The complete responses are in the menu Explore the Results.
This approach ensures a level playing field for all models and allows for direct comparison of their outputs. The geographic and organizational diversity of the models β trained on different data, with different architectures, by teams with different cultural contexts β makes the observed convergence particularly noteworthy. The experiment is easily reproducible by anyone with access to the OpenRouter API or the individual model interfaces.
Prompts
The following prompts were used with all AI models in the order presented below.

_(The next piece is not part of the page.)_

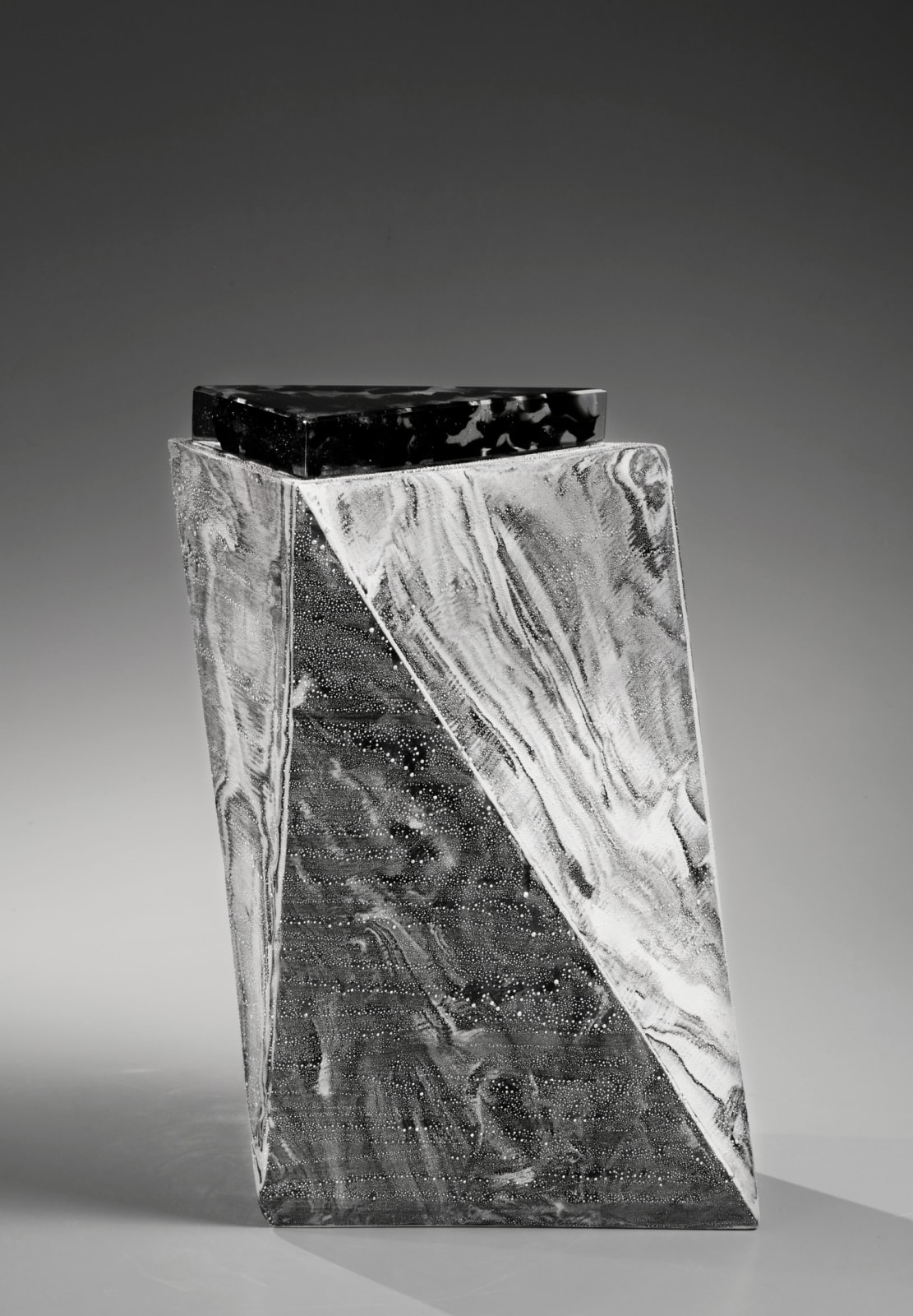 ArtDaily | NEW YORK, NY.- After six years of planning, acclaimed contemporary artist Kondō Takahiro presents his latest solo exhibition at Joan B Mirviss LTD this spring for Asia Week New York. These thirty new sculptures in swirling whirlpools of black, gray, and white marbleized porcelain glisten with 'silver mist' that resembles morning dew. His signature gintekisai (silver mist) overglaze technique finds new expression here as he plays with scale in striking geometric forms that catch light from daring angles. In a departure from his earlier "Wave" artworks, Kondō incorporates a whiter clay into his marbleization (nerikomi) technique. Its combination with the darker clay that seemingly flows down the surfaces creates an ink-on-paper effect, transforming his sculptures into what he calls "porcelain ink paintings". From major zig-zagging rhomboidal monoliths to glass capped vessels to wondrous teabowls, the incomparable skill and singular creativity of master artist Kondō Takahiro is on full display in MAKING WAVES.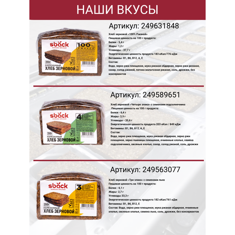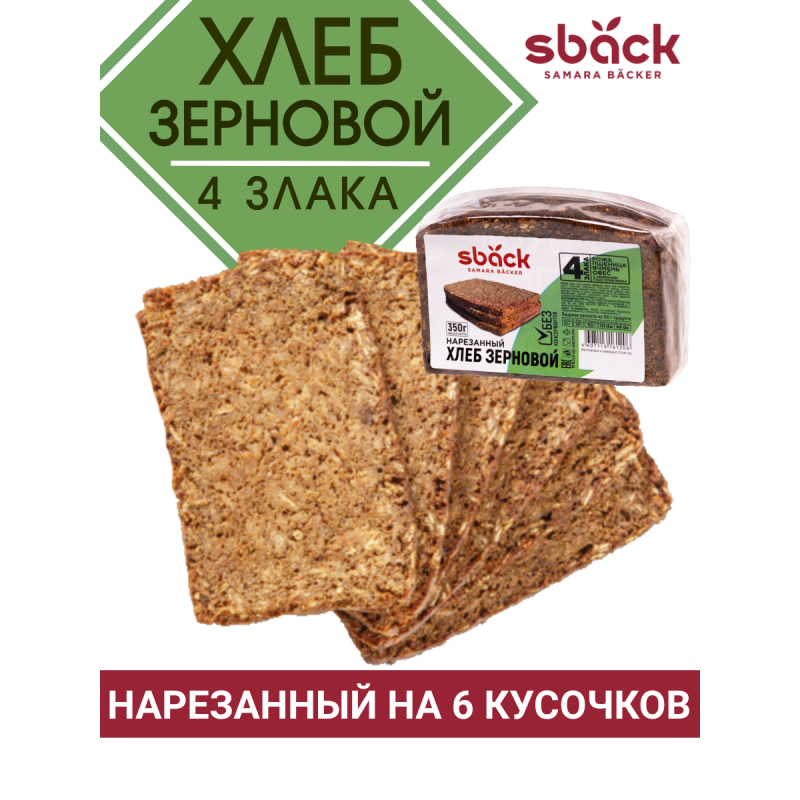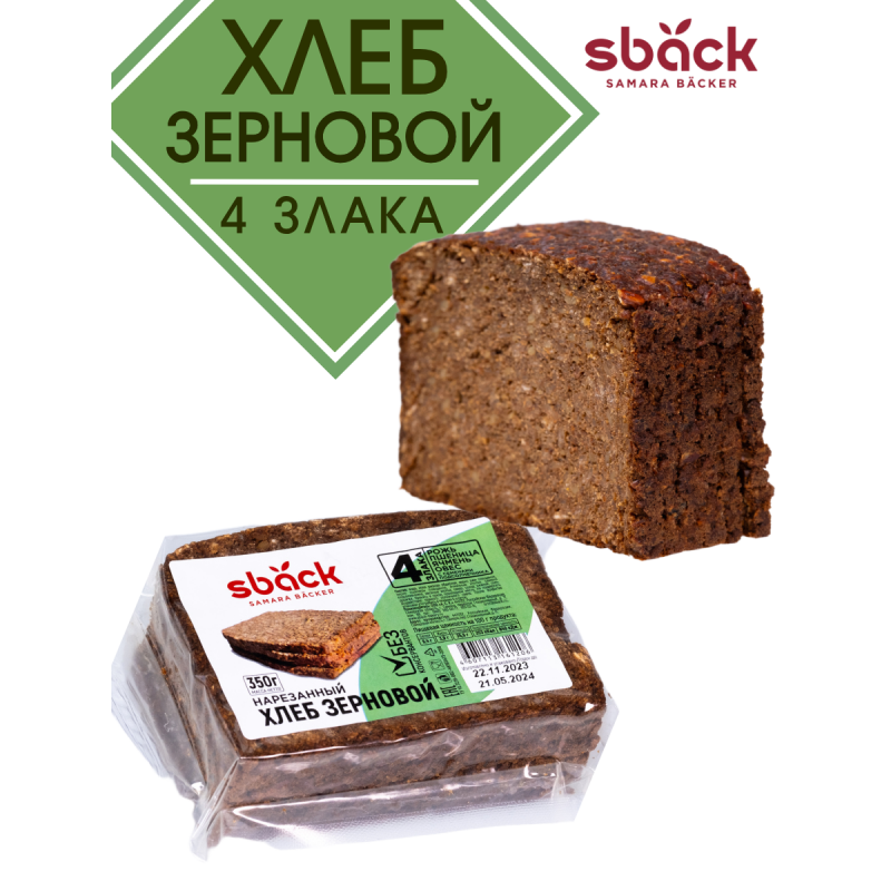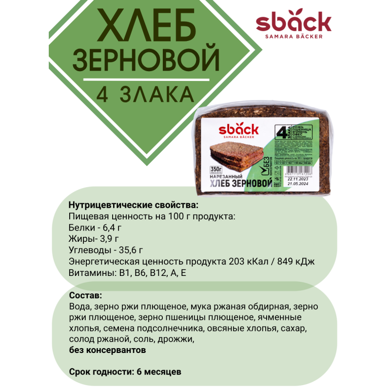 Хлеб зерновой "4 злака" с семенами подсолнуха, 350 гр., Sback

They were designed to minimize bias while encouraging open exploration of how AIs construct metaphysical frameworks about the Universe. The prompts progress from framework development to scientific grounding, philosophical context, and potential implications.
- Develop a metaphysical framework to explain the nature of the Universe.
- What scientific evidence, research, and publications support or align with your framework?
- How does your framework relate to existing philosophical positions on the nature of reality?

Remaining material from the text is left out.